For more information, check out my longest (and first) review about Printful

As such, I believe my thoughts on this platform will be the most brutally honest out of any reviews you can find.

As always, I’ll try to keep it brief and practical! However, actually using multiple POD (print-on-demand) platforms on multiple large webshops that I custom-built myself … is bound to give me a lot of nitty-gritty in-depth experience with every part of it. And I don’t want to leave anything out.

My small Dutch webshop, which was always meant as a “small first step” anyway, has since been removed. All its products moved to my bigger store!

What is Spreadconnect?

For a start, it is not the same thing as Spreadshirt/Spreadshop, though they are obviously part of the same general organization.

Spreadshirt/Spreadshop is an online store by itself. When you make an account there, you can design products and let them host your website or display the products in their marketplace. It’s meant for people who don’t want to (or can’t) host their own website or store.

Spreadconnect is a print-on-demand platform. You still need your own storefront (such as Shopify, Etsy, WooCommerce). Within Spreadconnect, you merely design your products and then send them to your integration. They handle all the production and shipping, while you must handle the rest.

It’s one of the smaller players in this field. Many articles don’t even mention it. Then why did I try them? What’s different?

First of all, they are more local. Based in Germany, they have excellent coverage for any shipping zone I want to support on my Dutch webshop.

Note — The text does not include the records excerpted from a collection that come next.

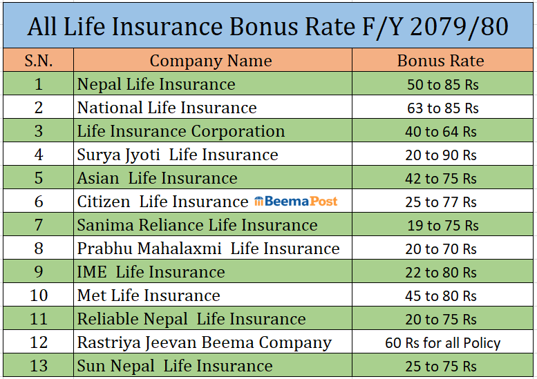नेपाल लाइफ इन्स्योरेन्सले यो बर्षको बोनसदर घोषणा गरिसकेकोछ । कम्पनीले न्यूनतम ५० रुपैयाँदेखि ८५ रुपैयाँ सम्म बोनसदर निर्धारण गरेको छ।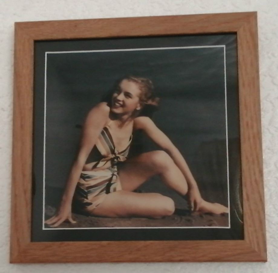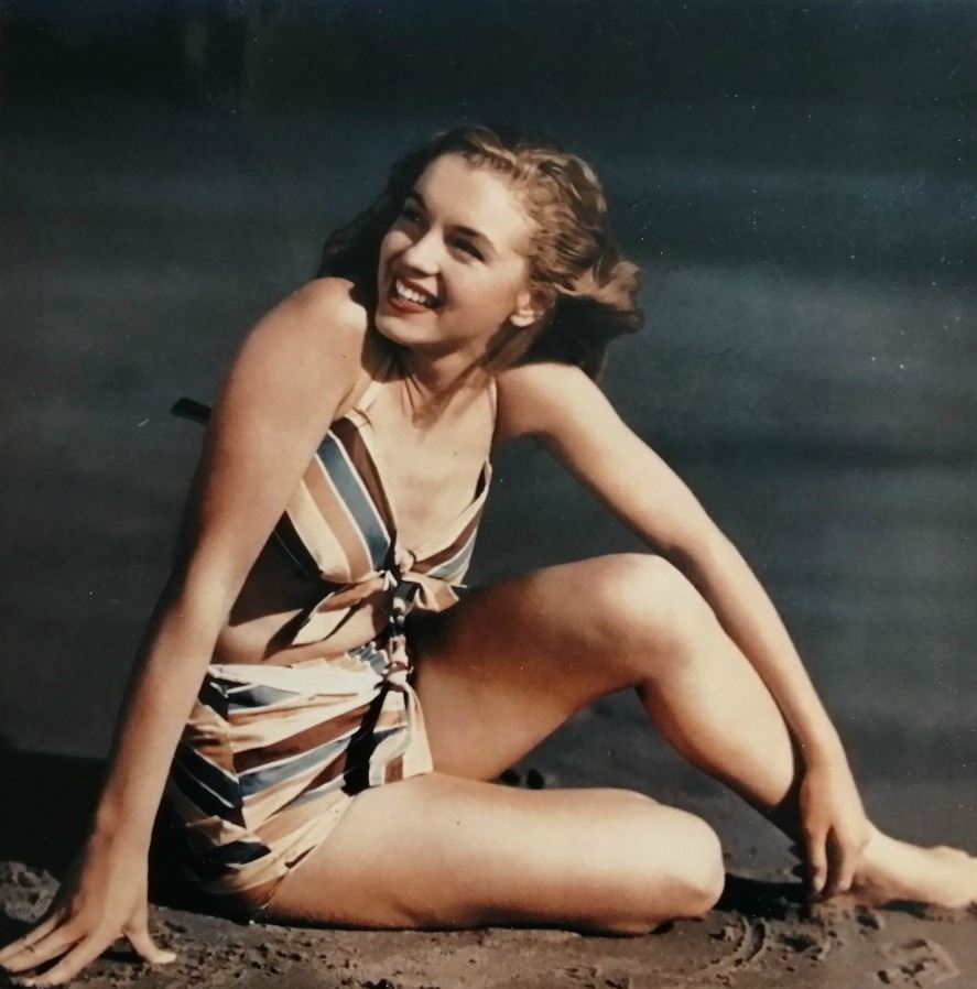 Marilyn Monroe at Zuma Beach, California in 1946. Printed later by photographer: Joseph Jasgur. Size: 7.5x7.5 inches. Stamped on verso.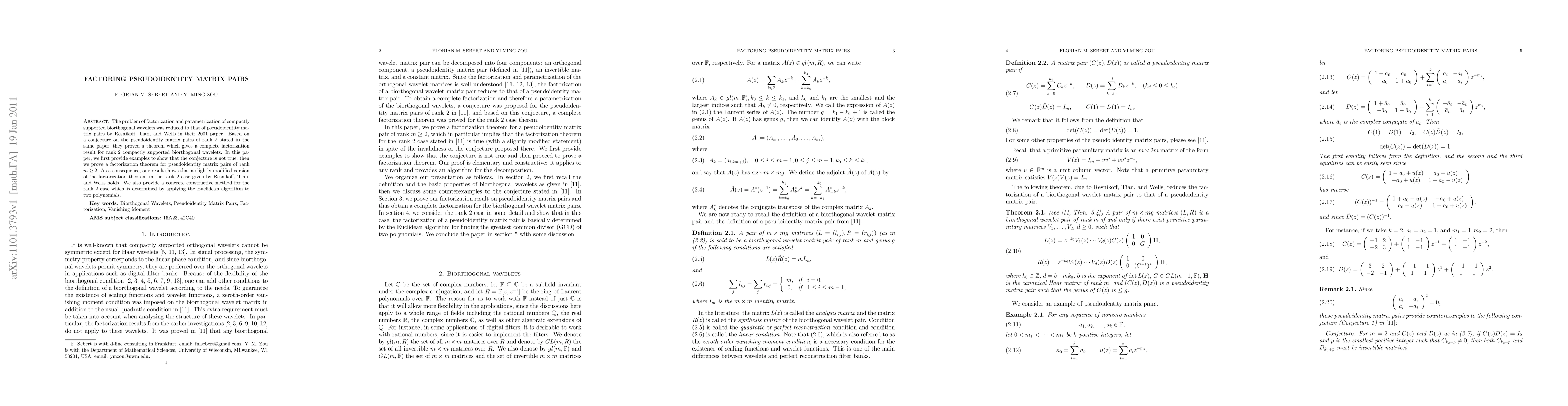 The problem of factorization and parametrization of compactly supported biorthogonal wavelets was reduced to that of pseudoidentity matrix pairs by Resnikoff, Tian, and Wells in their 2001 paper. Based on a conjecture on the pseudoidentity matrix pairs of rank 2 stated in the same paper, they proved a theorem which gives a complete factorization result for rank 2 compactly supported biorthogonal wavelets. In this paper, we first provide examples to show that the conjecture is not true, then we prove a factorization theorem for pseudoidentity matrix pairs of rank $m\ge 2$. As a consequence, our result shows that a slightly modified version of the factorization theorem in the rank 2 case given by Resnikoff, Tian, and Wells holds. We also provide a concrete constructive method for the rank 2 case which is determined by applying the Euclidean algorithm to two polynomials.

It also means there’s no mismatch between our European rules, currencies and way of doing things and that of American companies.

For example, some of those (American) POD platforms only support pricing and costs in DOLLARS. Which is incredibly annoying, because all my finances (and experience with pricing) is in EUROS. So it takes me a lot more effort to use that platform, every step of the way, while always at risk of making some financial blunder because I forgot to convert currencies.

Secondly, they have a higher focus on sustainability and a more usable shipping fee arrangement than some other places. After trying to use Printify, I was incredibly frustrated at their ludicrous and somewhat random shipping fees on EVERYTHING. Spreadconnect, with its simple and clear shipping policy, drew me in.

How does it work?

Go to Spreadconnect (not Spreadshirt/Spreadshop!), make an account, give your company and webshop details, and you’re good to go. They automatically checked my company tax ID (rather quickly). By installing their WooCommerce plugin, I had integrated them within a few minutes too.

There are no upfront costs. No extra regulations, steps, requirements, or gotchas.

Spreadconnect is probably the most minimal and barebones platform of all that I tried. Which has its disadvantages, of course, which this article will surely cover in-depth. But it has the advantage of making registration, integration and designing your first products a very fast process. Because there’s literally nothing else to do or configure in the entire system.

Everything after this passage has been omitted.